Elasticsearch High-Availability Cluster

This guide will take you through the process of setting up your first high-availability cluster, Elasticsearch cluster using ClusterControl. By following this tutorial, you’ll have a fully functional high-availability Elasticsearch cluster that you can monitor, manage, and later scale if your requirements change.

A high-availability cluster in Elasticsearch offers you service ensuring your cluster to keep available when individual nodes, racks, or whole zones go down. A highly available cluster in Elasticsearch provides no single-point of failure (SPOF), data redundancy, automatic failover and self-healing (also resiliency), zone/rack awareness, rolling maintenance and upgrade, horizontal scalability, consistent cluster state, and durable snapshots and fast restore.

This tutorial applies to the deployment of a database cluster for Elasticsearch by Elastics.

Prerequisites

Before proceeding, ensure you have:

ClusterControl installed and running.
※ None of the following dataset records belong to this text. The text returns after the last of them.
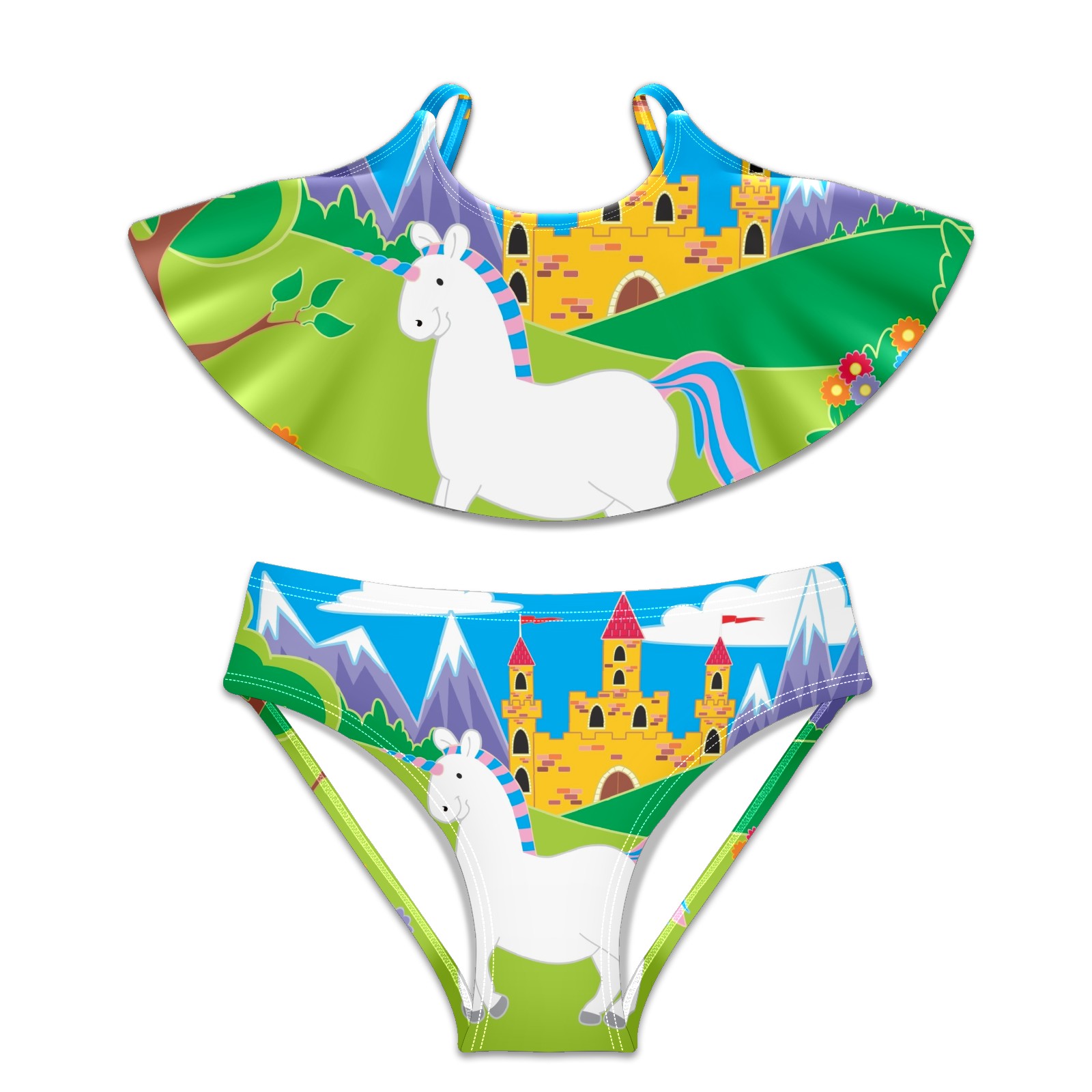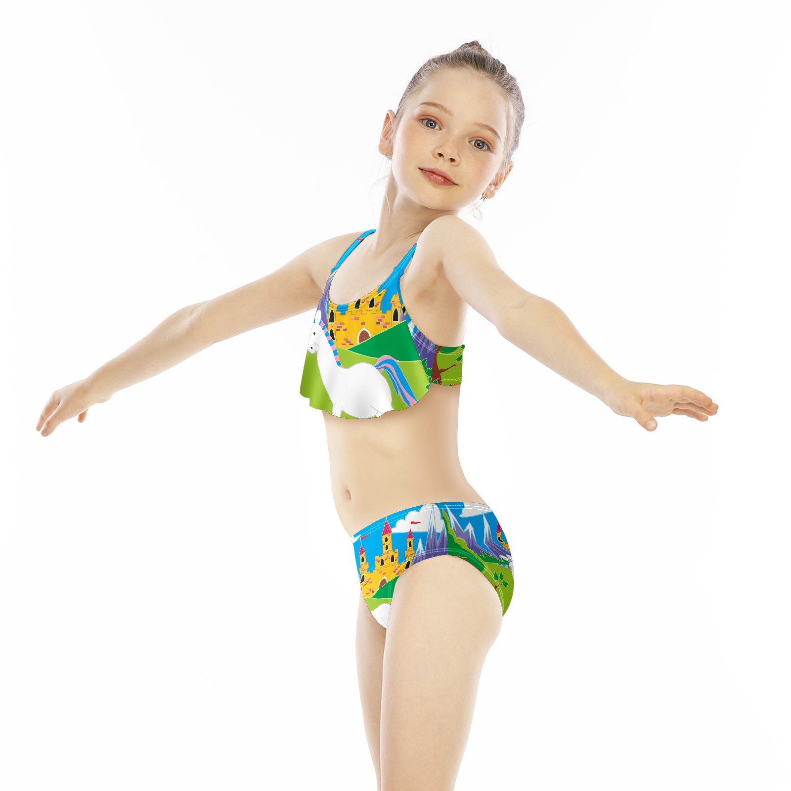 Swimsuits for Girls Two Pieces Bathing Suit Quick Dry Swimwear Unicorn Fairy Tale S
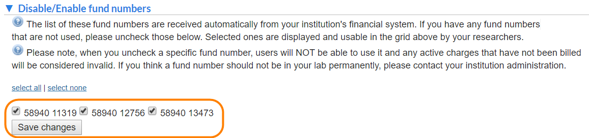 - Manage Fund Numbers: Hide or remove funds from your lab.
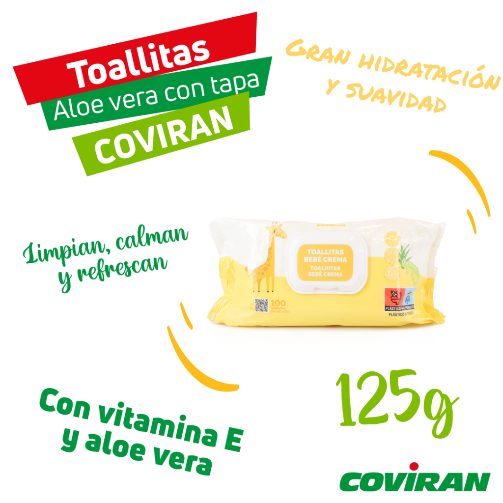 -Las toallitas con aloe vera Covirán limpian, calman y refrescan la piel al mismo tiempo que dejan la sensación de suavidad, reposición y limpieza.
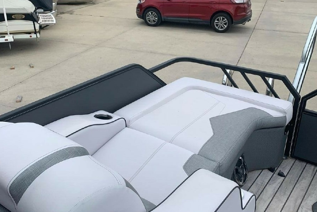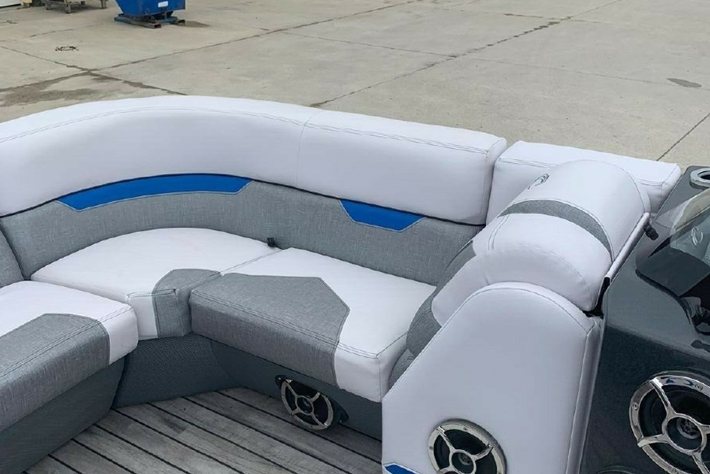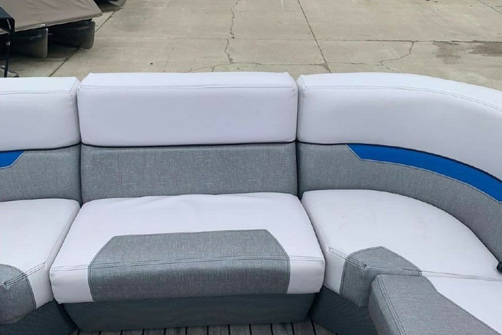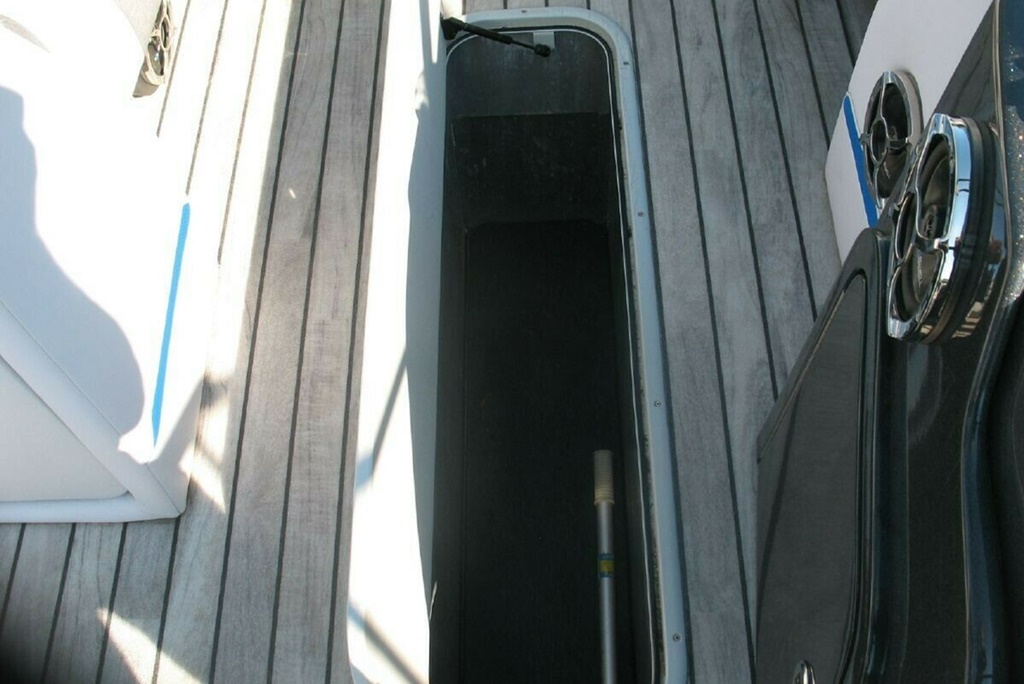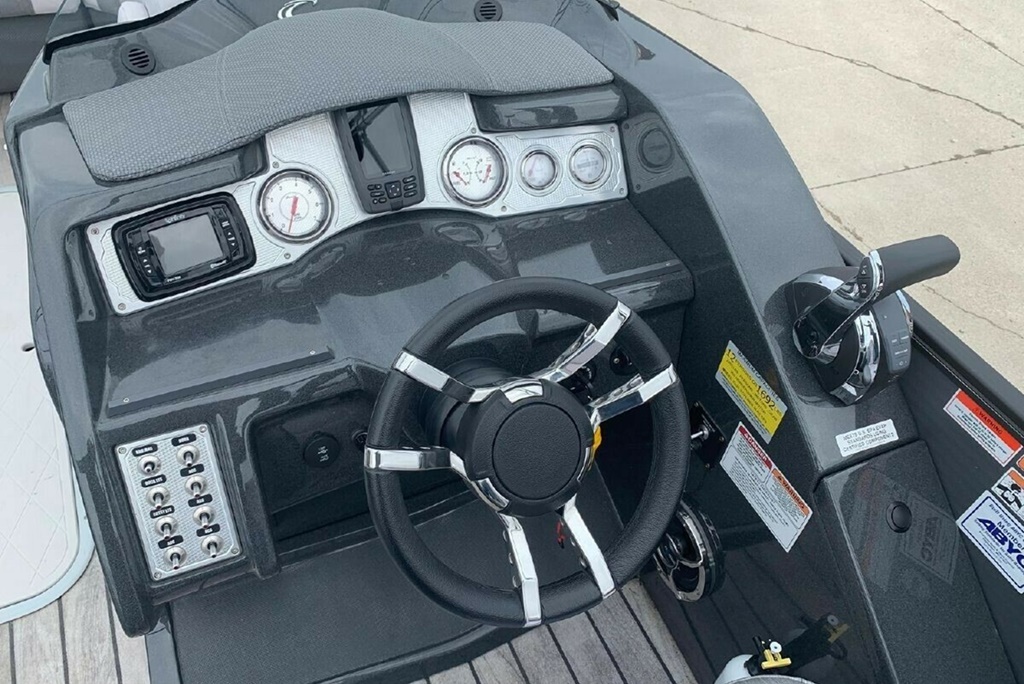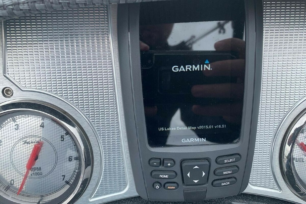 This boat features a wakeboard tower, Roswell tower speakers, a 12" Roswell subwoofer, and 8 Roswell 6.5" interior speakers, all powered by a Roswell amplifier. Additional upgrades include a billet aluminum dash panel, Garmin DV43 GPS fish finder, and a ski locker.
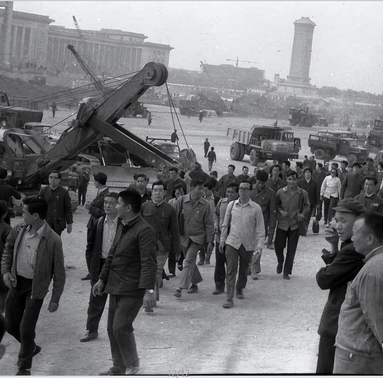 图为1977年,建设中的毛主席纪念堂。首都各界人士冒雨参加劳动。
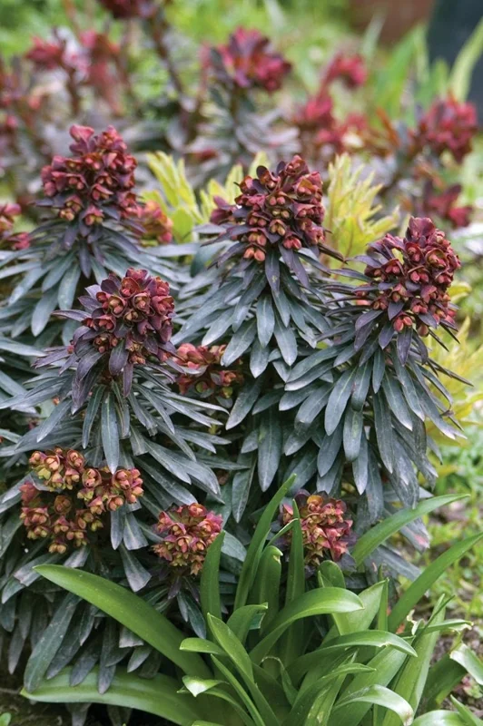 The Euphorbia Blackbird live plant is generally hardy and can tolerate a range of temperatures. It is well-suited for USDA hardiness zones 6-9. In colder zones, it may benefit from winter protection or can be grown as an annual. Fertilization is usually not heavily required; a light application of a balanced, slow-release fertilizer in early spring is sufficient. Pruning should be done carefully, as the milky sap can be irritating to skin and eyes. Wear gloves and protective eyewear. Prune back spent flower stalks to encourage new growth and maintain a tidy appearance. Watch for common issues like powdery mildew in humid conditions or spider mites, though Euphorbias are generally pest-resistant.
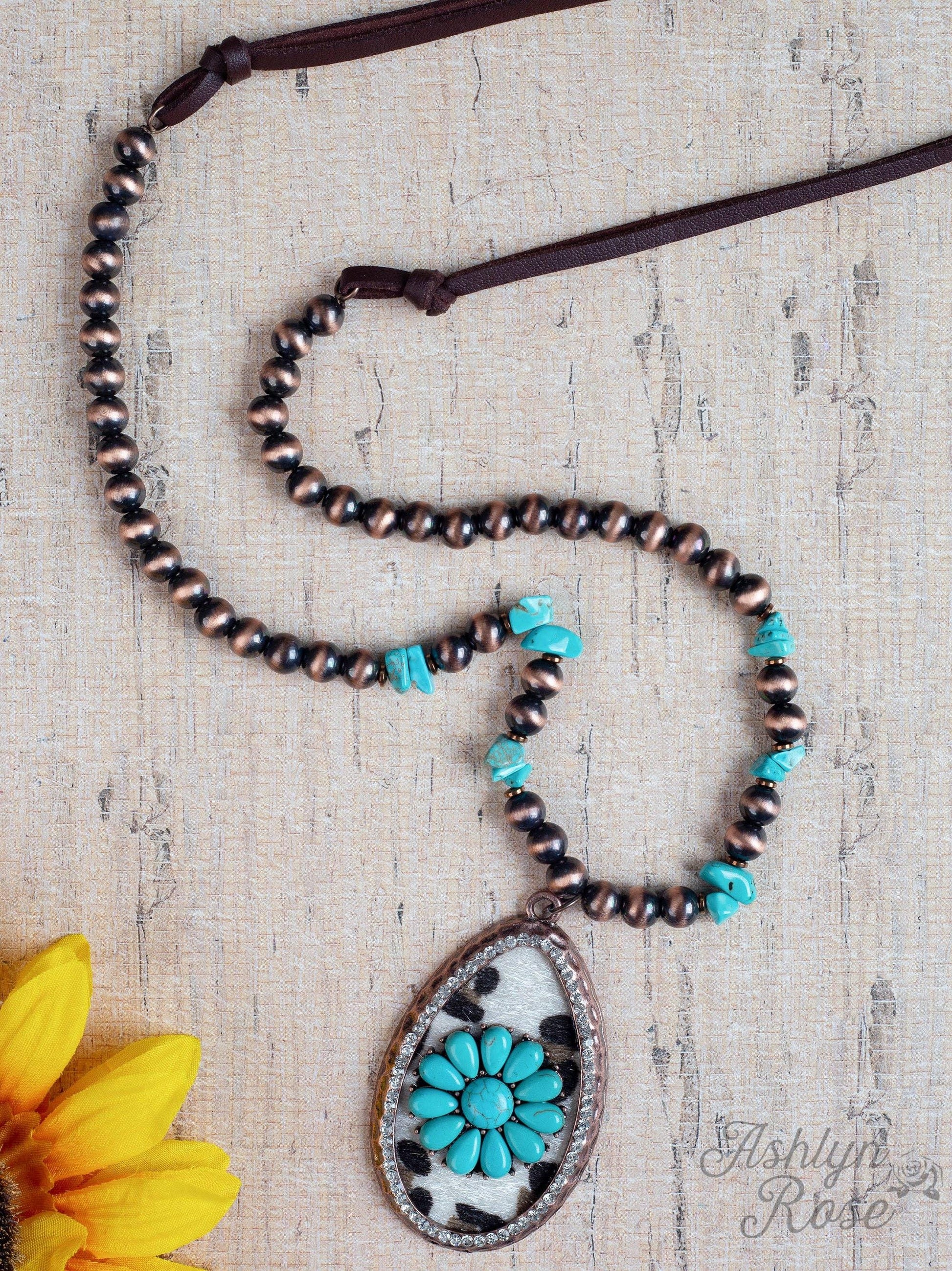 Turn heads with our Leopard Teardrop Necklace, accented with striking bronze and turquoise beads. The bold teardrop pendant adds a wild yet elegant touch, while the earthy bead details bring a hint of Southwestern charm. Perfect for layering or wearing solo, this necklace is a versatile piece that complements both casual and dressy looks.
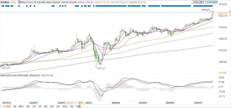 提醒,综合以上情况看,美国的下一份刺激法案可以在8月份才能通过,而非之前预期的7月底,因为两党对此存在分歧。尽管如此,市场普遍预期美国较大概率会推出新一轮刺激计划,这令通胀面临大幅上升的风险,而黄金长期以来都有抵御通货膨胀的属性;再加上资金面的宽松,使得实际利率降低,也降低持有黄金的机会成本;金价站稳1800关口后,持续上涨,目前初步攻克1850关口,可能会进一步向2011年创下的历史高点1911.18位置发起冲击。
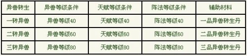 一转异兽,异兽等级40,天赋等级40,阵法等级40,需要一品异兽转生丹。
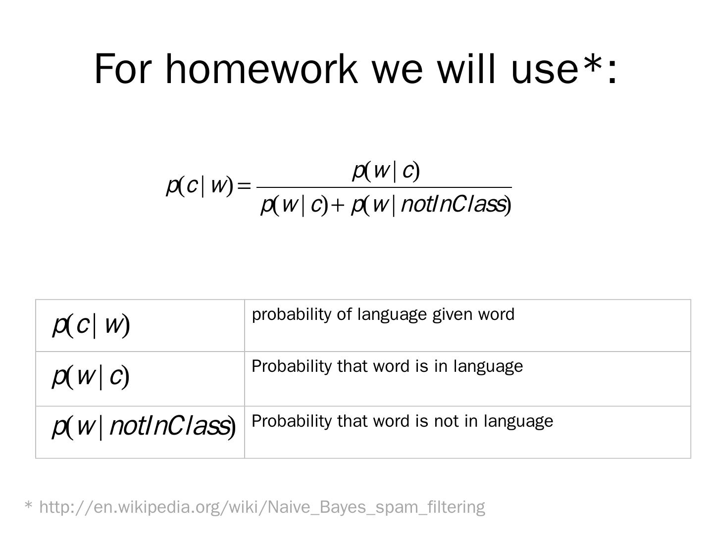 24 .For homework we will use*: probability of language given word Probability that word is in language Probability that word is not in language * http://en.wikipedia.org/wiki/Naive_Bayes_spam_filtering
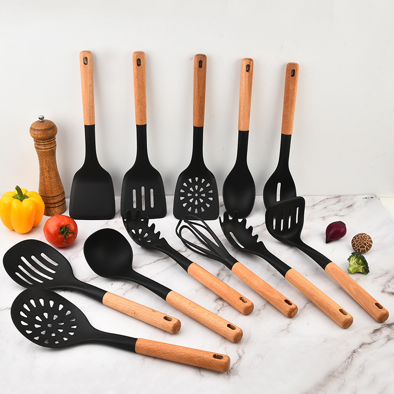 新しい木の柄のプラスチックのナイロンの調理器具のセットは鍋の専用の鍋のシャベルのスプーンの12セットの台所の調理用品にくっつきません。
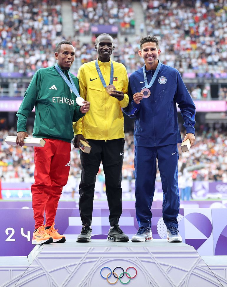 Joshua Cheptegei (C) at the 10,000m victory ceremony at the Paris 2024 Olympics (Credit: Imago)
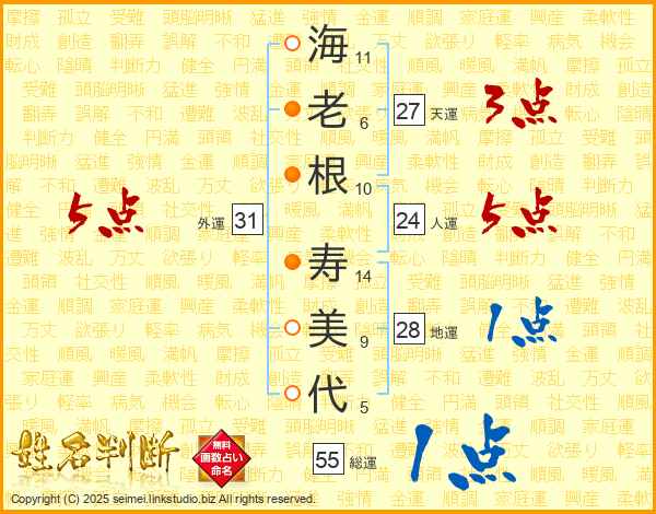 海(11画)老(6画)根(10画) 寿(14画)美(9画)代(5画)
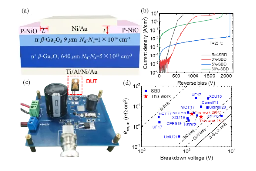 圖1結終端擴展氧化鎵肖特基二極管。(a)器件結構示意圖。(b)具有不同JTE區(qū)域電荷濃度的器件擊穿特性比較。(c)封裝器件反向恢復特性測試電路。(d)與已報道的氧化鎵肖特基二極管的性能比較。
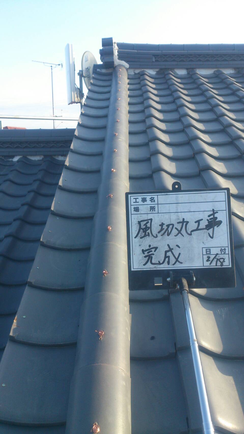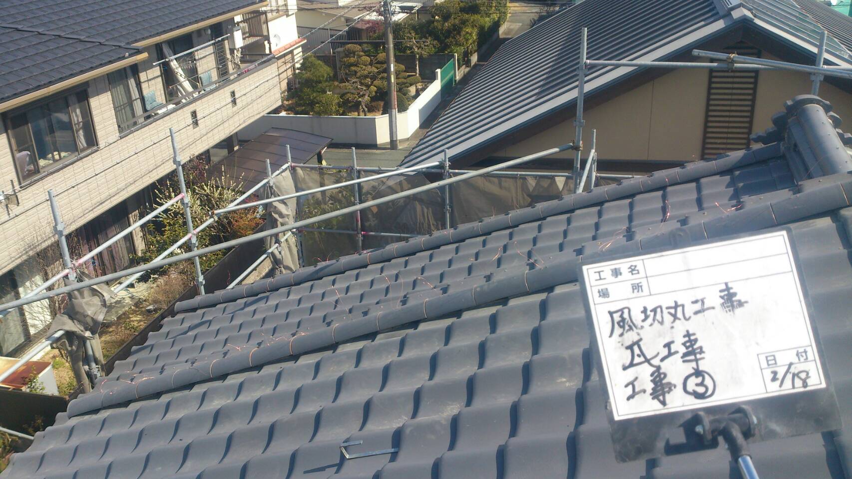 瓦を戻し、銅線を縛ったら完成です!
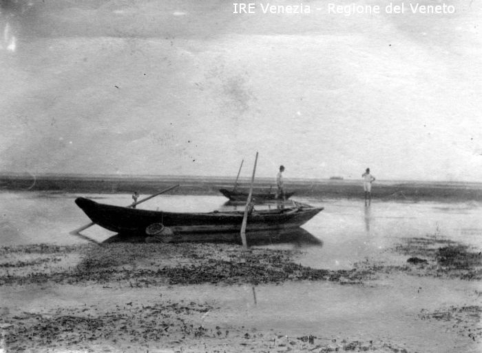 Venezia - Vita veneziana e lagunare - Scene e costumi - Pesca in Laguna - Laguna di Venezia - Imbarcazione: batela ? - Pescatori
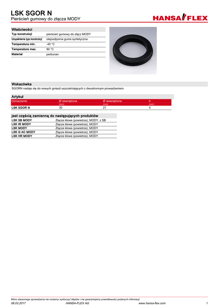 LSK SGOR N Pierścień gumowy do złącza MODY Właściwości Typ konstrukcji pierścień gumowy do złącz MODY Uzupełnienie typu konstrukcji olejoodporna guma syntetyczna Temperatura min. -40 °C Temperatura max. 90 °C Materiał perbunan Wskazówka SGORN nadaje się do nowych gniazd uszczelniających z dwustronnym prowadzeniem. Artykuł Oznaczenie LSK SGOR N Ø zewnętrzna Ø wewnętrzna h (mm) (mm) (mm) 30 21 4 jest częścią zamienną do następujących produktów LSK LSK LSK LSK LSK SB MODY IR MODY MODY G AC MODY HR MODY Złącze kłowe (powietrze), MODY, z SB Złącze kłowe (powietrze), MODY Złącze kłowe (powietrze), MODY Złącze kłowe (powietrze), MODY Złącze kłowe (powietrze), MODY Mimo starannego sprawdzenia nie możemy wykluczyć błędów i nie gwarantujemy prawidłowości podanych informacji. 08.03.2017 HANSA-FLEX AG www.hansa-flex.com 1
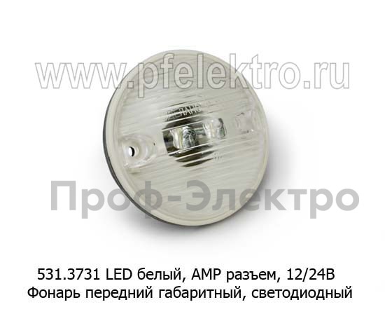 531.3731 LED белый (круглый) АМР разъем, 12/24В Фонарь передний габаритный, светодиодный лиаз, паз (АЭК-НТ)
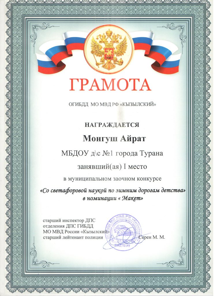 Без рубрики 14.12.2020 / Совсем недавно в нашем кожууне проходил муниципальный конкурс «Со светофоровой наукой по зимним дорогам детства» и воспитанник старшей «А» группы Монгуш Айрат занял первое место. Поздравляем!
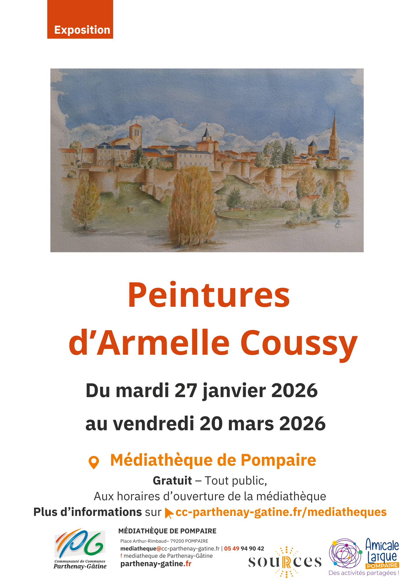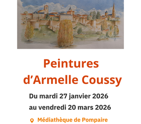 Venez découvrir les peintures de Mme Armelle Coussy de l'atelier Peindre ensemble de l'Amicale Laïque de Pompaire pendant les horaires d'ouverture de la médiathèque.

If not, follow the instructions in Quickstart or use the Installer Script.
At least two hosts (bare-metal or virtual machines):
- One for the ClusterControl server.
- One for the Elasticsearch single-node or server.
SSH access to all servers.
Internet access on the database host to install required packages.
Network Time Protocol (NTP) configured and running on both hosts to keep their clocks synchronized.

Architecture

Below is a simple flow diagram on how shall our deployment managed and monitored with ClusterConrol while the Client/User interacts with our Elasticsearch nodes (or master/data nodes) emphasizing a high-availability cluster.

%%{init: { "flowchart": { "wrap": false, 'subGraphTitleMargin': {'top': 20,'bottom': 30} }}}%%
graph TD
    %% ------------- Groups -------------
    subgraph Client/User
        C[Client / User]
    end

    %% ------------- Elasticsearch cluster -------------
    subgraph EST["ES Cluster (3 – 5 HA nodes)"]
        direction LR
        ES1[(Node 1)]
        ES2[(Node 2)]
        ES3[(Node 3)]
        ES4[(Node 4)]
        ES5[(Node 5)]
    end

    %% ------------- ClusterControl -------------
    subgraph ClusterControl
        CC[ClusterControl]
    end

    %% ------------- Traffic -------------
    C -- "Search / Index<br>requests" --> ES1
    C --> ES2
    C --> ES3
    C -.-> ES4
    C -.-> ES5

    %% ------------- Monitoring / Mgmt -------------
    CC ===|Monitors & manages| ES1
    CC === ES2
    CC === ES3
    CC === ES4
    CC === ES5

    %% ------------- Styling -------------
    style ES4 fill:#f0f0f0,stroke-dasharray:5 5
    style ES5 fill:#f0f0f0,stroke-dasharray:5 5

Elasticsearch in ClusterControl is deployed without any additional supporting load balancers. Elasticsearch has its built-in capability for load balancing but its not further discussed or is related for this topic.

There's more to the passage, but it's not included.